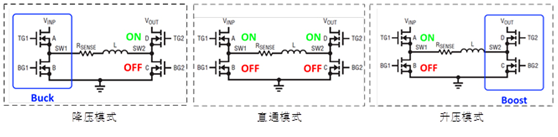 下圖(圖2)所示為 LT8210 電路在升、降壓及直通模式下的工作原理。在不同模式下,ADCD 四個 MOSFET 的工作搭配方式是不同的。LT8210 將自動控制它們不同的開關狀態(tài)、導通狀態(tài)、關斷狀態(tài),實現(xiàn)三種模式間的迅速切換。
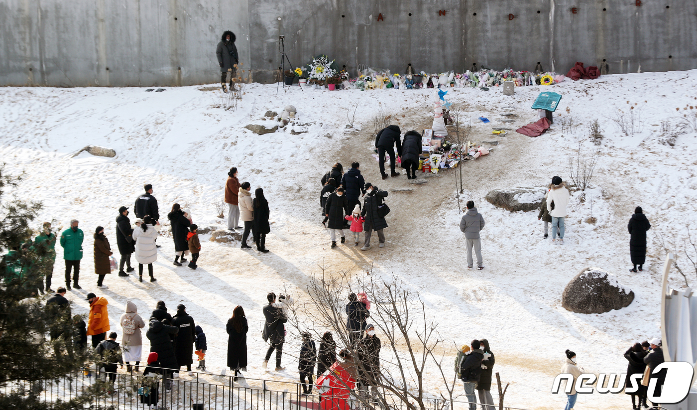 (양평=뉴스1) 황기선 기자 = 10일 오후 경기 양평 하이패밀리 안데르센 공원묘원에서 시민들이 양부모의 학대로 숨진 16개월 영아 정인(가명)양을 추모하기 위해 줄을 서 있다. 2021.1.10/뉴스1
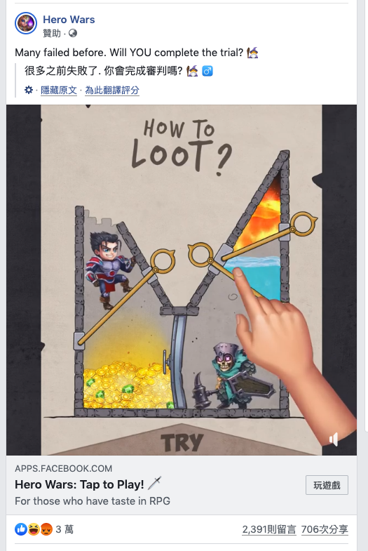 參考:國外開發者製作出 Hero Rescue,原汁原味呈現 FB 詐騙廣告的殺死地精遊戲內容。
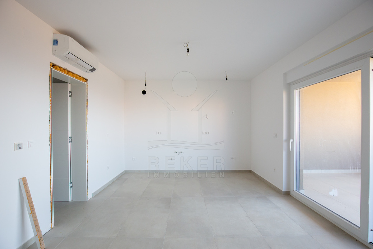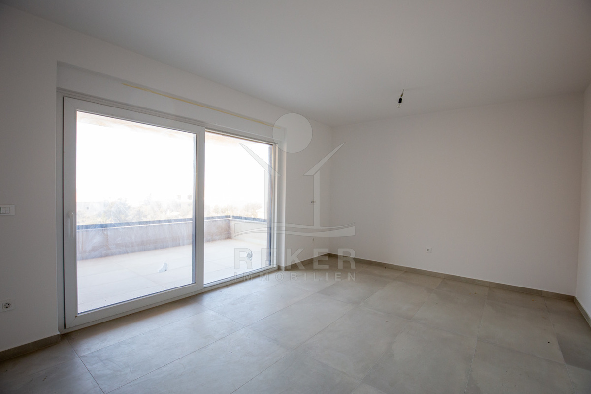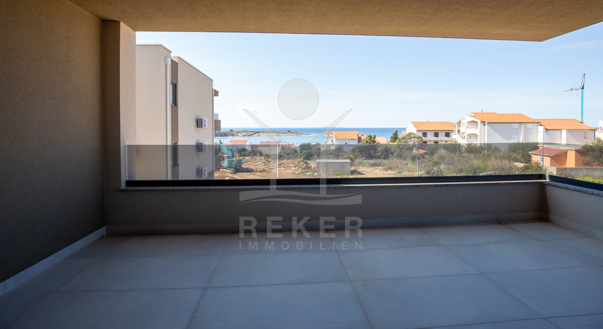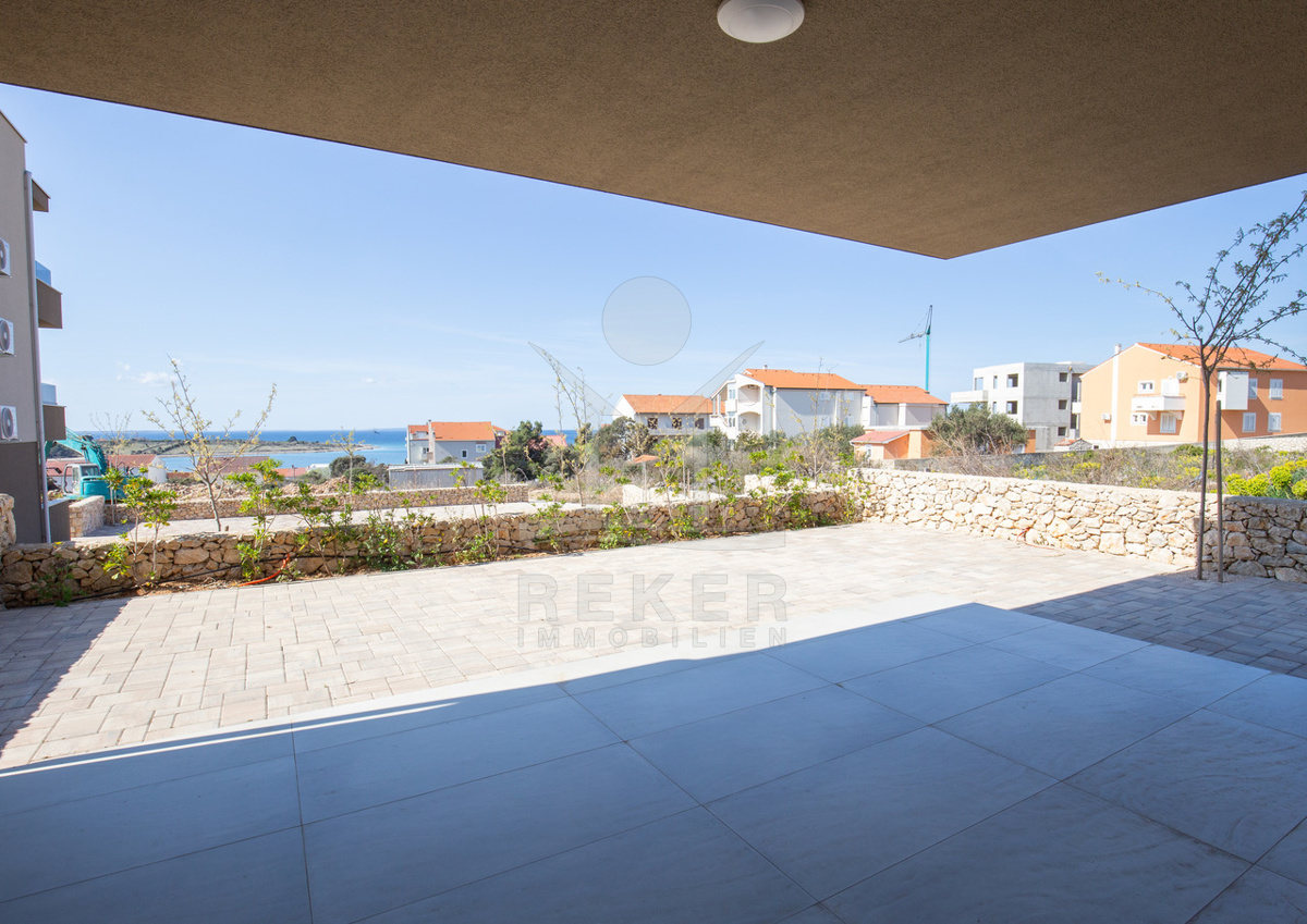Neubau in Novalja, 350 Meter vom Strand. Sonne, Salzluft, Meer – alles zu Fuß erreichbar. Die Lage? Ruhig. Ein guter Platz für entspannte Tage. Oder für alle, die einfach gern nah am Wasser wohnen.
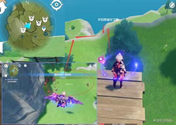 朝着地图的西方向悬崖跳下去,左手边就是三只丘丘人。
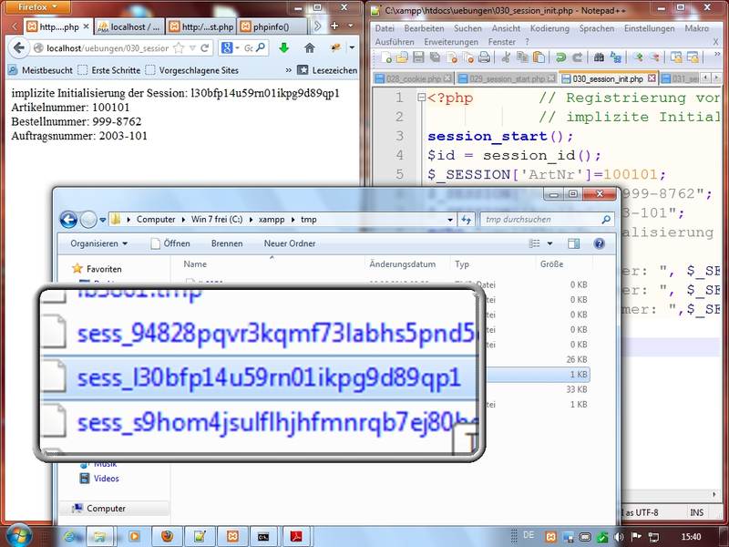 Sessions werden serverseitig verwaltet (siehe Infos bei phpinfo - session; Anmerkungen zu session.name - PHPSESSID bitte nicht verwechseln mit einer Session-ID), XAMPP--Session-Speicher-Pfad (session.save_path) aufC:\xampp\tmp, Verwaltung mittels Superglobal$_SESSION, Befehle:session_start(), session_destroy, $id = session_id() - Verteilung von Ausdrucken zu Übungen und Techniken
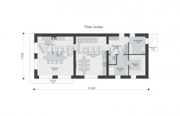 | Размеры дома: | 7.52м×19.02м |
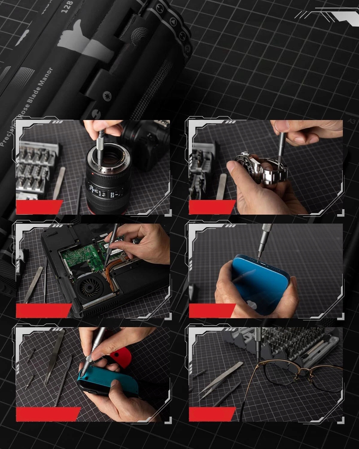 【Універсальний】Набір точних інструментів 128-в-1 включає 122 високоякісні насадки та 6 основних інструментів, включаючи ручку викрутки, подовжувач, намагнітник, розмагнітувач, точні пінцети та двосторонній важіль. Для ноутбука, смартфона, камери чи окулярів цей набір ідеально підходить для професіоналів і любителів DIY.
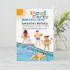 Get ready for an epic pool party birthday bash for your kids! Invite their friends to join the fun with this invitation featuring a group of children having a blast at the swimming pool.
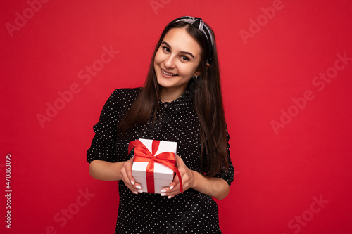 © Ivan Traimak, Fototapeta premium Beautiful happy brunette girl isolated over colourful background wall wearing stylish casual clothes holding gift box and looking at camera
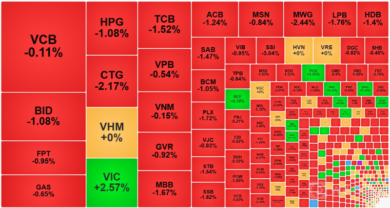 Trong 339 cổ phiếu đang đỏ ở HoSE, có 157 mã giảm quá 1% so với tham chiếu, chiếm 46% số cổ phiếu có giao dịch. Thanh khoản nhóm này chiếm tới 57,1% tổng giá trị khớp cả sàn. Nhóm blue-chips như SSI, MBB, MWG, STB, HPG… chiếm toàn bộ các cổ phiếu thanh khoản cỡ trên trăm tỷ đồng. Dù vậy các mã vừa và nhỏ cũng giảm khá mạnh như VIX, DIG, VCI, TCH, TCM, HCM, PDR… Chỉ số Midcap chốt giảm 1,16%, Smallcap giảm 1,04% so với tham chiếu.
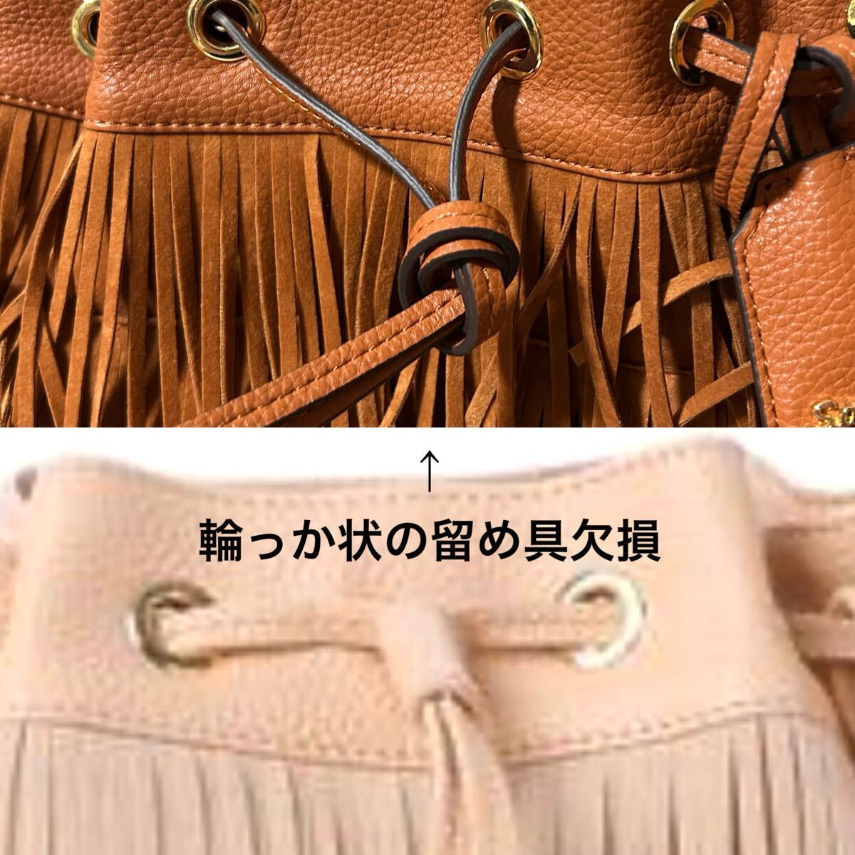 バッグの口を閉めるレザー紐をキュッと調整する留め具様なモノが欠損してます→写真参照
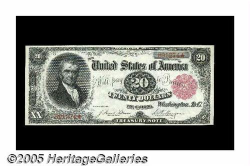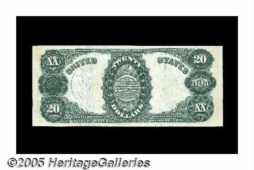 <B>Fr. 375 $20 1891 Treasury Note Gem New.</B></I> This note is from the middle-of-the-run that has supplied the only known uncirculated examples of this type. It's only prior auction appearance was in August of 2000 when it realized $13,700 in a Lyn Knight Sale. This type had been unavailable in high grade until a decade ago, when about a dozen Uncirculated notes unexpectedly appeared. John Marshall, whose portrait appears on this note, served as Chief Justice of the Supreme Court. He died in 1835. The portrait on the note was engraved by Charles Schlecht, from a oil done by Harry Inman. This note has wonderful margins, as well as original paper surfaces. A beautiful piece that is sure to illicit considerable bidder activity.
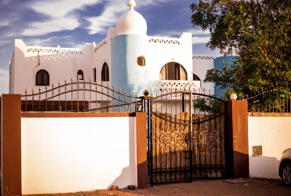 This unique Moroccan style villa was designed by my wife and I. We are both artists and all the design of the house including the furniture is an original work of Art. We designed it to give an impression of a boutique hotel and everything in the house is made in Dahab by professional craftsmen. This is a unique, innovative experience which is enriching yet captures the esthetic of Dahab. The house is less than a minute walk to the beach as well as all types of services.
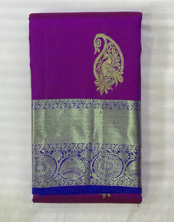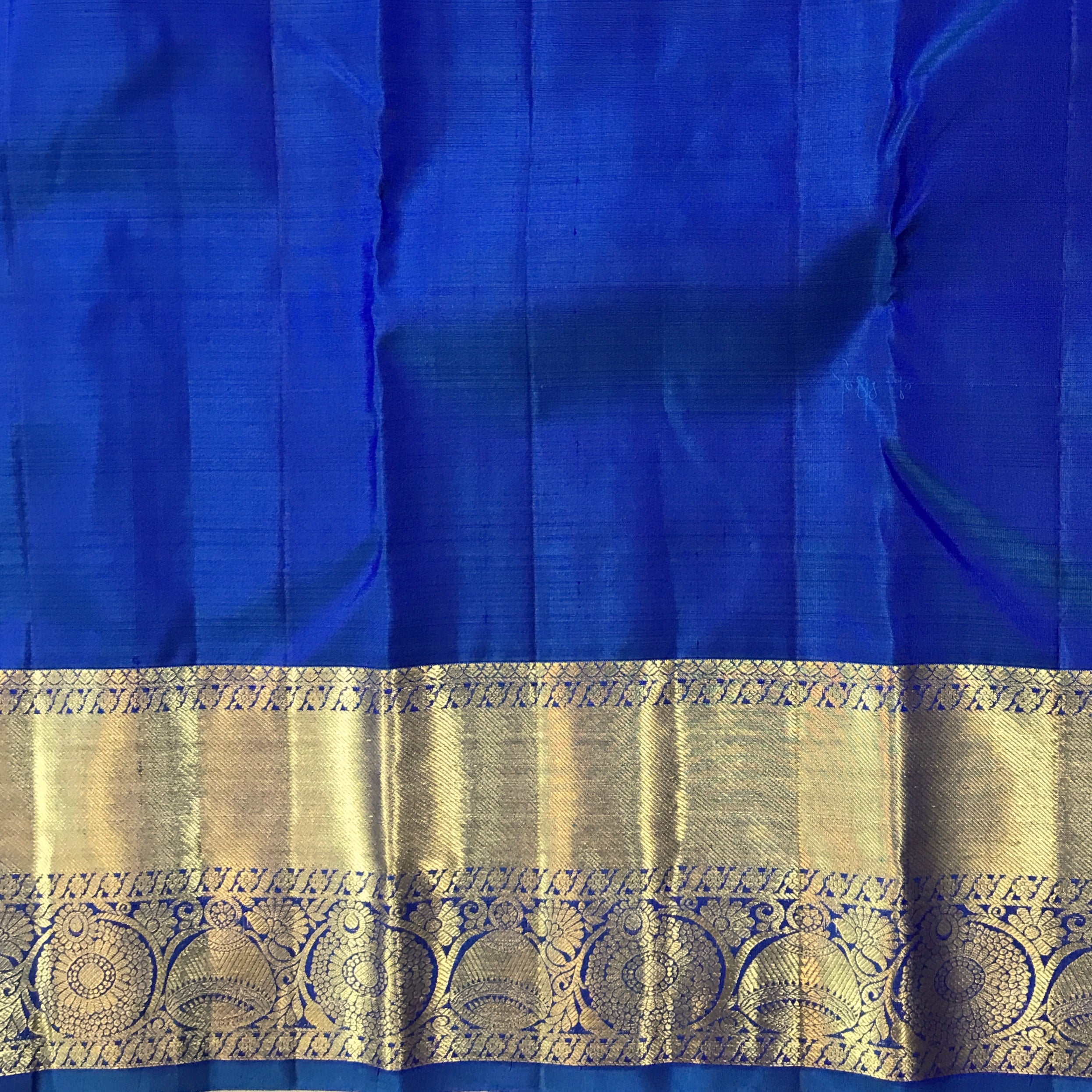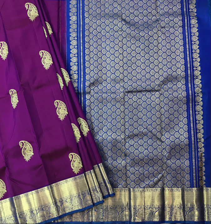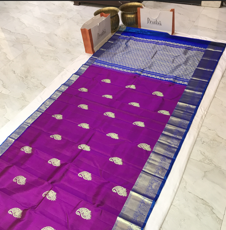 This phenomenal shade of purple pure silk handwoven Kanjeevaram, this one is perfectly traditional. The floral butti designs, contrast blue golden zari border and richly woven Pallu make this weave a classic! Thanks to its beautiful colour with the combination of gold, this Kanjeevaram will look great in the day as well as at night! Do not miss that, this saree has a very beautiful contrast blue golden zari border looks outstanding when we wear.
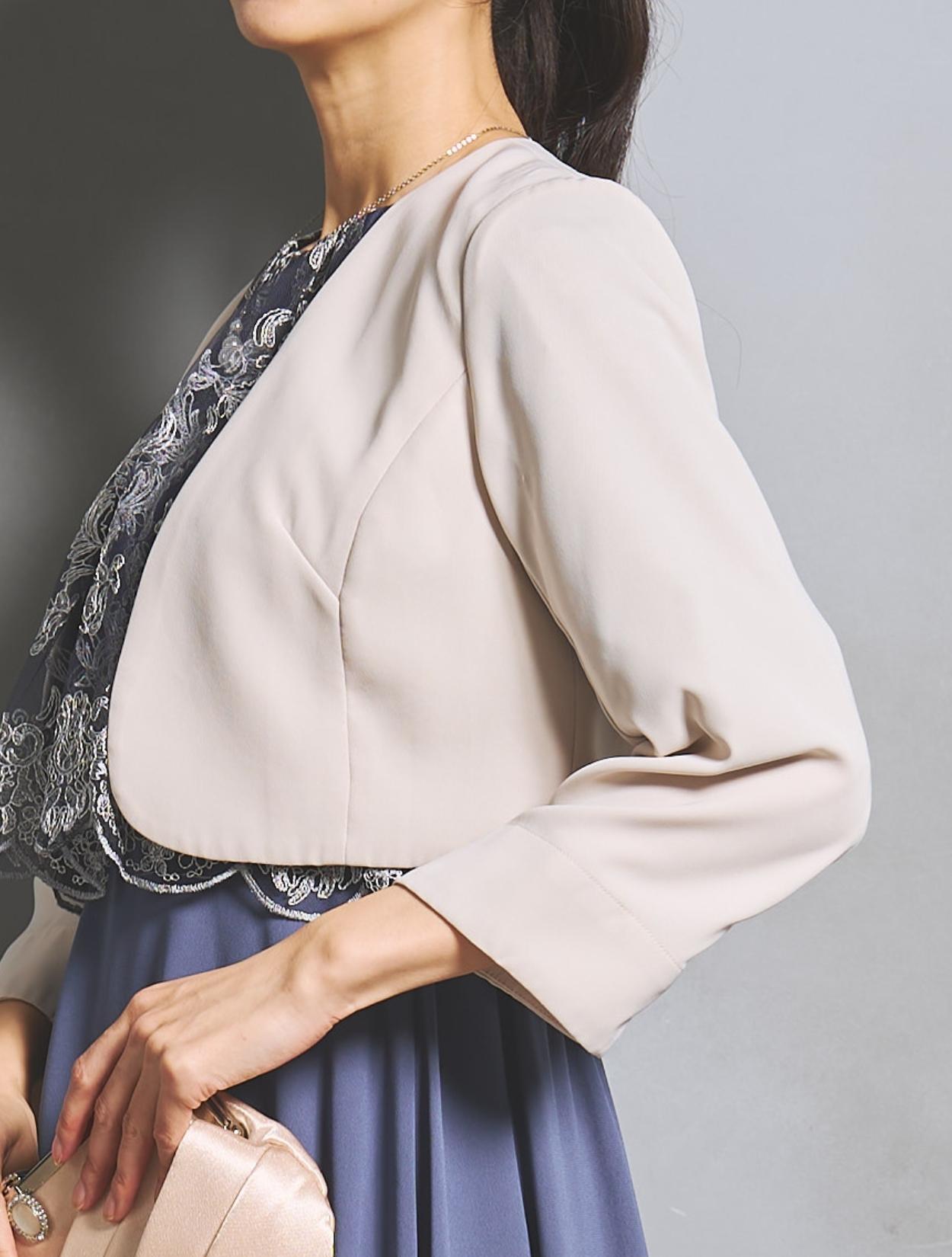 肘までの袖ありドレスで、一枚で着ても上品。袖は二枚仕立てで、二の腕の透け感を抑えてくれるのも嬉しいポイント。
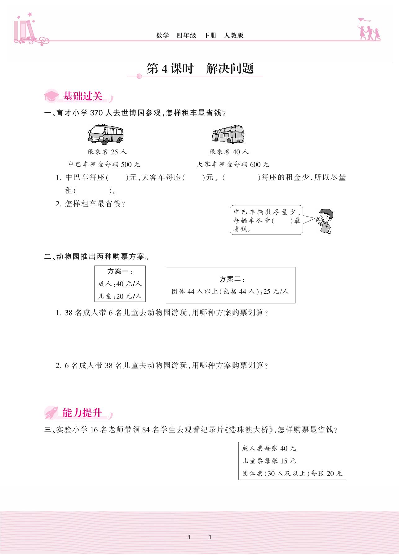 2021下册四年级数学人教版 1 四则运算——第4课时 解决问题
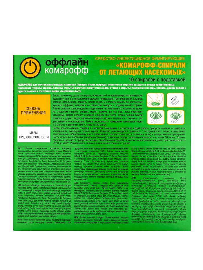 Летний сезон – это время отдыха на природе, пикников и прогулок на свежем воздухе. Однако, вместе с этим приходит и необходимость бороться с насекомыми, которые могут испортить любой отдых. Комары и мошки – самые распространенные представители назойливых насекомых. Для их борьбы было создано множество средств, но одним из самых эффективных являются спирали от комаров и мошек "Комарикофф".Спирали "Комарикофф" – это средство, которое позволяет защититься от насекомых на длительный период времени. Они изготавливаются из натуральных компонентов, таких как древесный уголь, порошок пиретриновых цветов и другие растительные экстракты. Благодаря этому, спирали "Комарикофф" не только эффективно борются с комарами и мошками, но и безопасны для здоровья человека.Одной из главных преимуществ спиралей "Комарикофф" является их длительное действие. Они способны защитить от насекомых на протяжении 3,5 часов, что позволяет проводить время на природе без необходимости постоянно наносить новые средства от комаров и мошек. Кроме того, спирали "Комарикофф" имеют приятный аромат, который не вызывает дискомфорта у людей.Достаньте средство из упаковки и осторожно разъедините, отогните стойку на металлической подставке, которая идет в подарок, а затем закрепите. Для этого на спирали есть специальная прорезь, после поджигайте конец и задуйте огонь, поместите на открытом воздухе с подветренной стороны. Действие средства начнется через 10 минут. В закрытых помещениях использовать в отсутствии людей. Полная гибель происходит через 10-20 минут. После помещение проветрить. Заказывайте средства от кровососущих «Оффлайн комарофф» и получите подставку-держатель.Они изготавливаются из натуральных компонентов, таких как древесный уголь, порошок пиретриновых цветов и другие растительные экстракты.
------------------------------
-- WORK INSTRUCTIONS --
From the data above, return exactly the lines from the one with "Neubau in Novalja, 350" up to and including the one with "looking at camera". Pictures do not go in the copy.

-- WRITTEN REPLY --
Neubau in Novalja, 350 Meter vom Strand. Sonne, Salzluft, Meer – alles zu Fuß erreichbar. Die Lage? Ruhig. Ein guter Platz für entspannte Tage. Oder für alle, die einfach gern nah am Wasser wohnen.
 朝着地图的西方向悬崖跳下去,左手边就是三只丘丘人。
 Sessions werden serverseitig verwaltet (siehe Infos bei phpinfo - session; Anmerkungen zu session.name - PHPSESSID bitte nicht verwechseln mit einer Session-ID), XAMPP--Session-Speicher-Pfad (session.save_path) aufC:\xampp\tmp, Verwaltung mittels Superglobal$_SESSION, Befehle:session_start(), session_destroy, $id = session_id() - Verteilung von Ausdrucken zu Übungen und Techniken
 | Размеры дома: | 7.52м×19.02м |
 【Універсальний】Набір точних інструментів 128-в-1 включає 122 високоякісні насадки та 6 основних інструментів, включаючи ручку викрутки, подовжувач, намагнітник, розмагнітувач, точні пінцети та двосторонній важіль. Для ноутбука, смартфона, камери чи окулярів цей набір ідеально підходить для професіоналів і любителів DIY.
 Get ready for an epic pool party birthday bash for your kids! Invite their friends to join the fun with this invitation featuring a group of children having a blast at the swimming pool.
 © Ivan Traimak, Fototapeta premium Beautiful happy brunette girl isolated over colourful background wall wearing stylish casual clothes holding gift box and looking at camera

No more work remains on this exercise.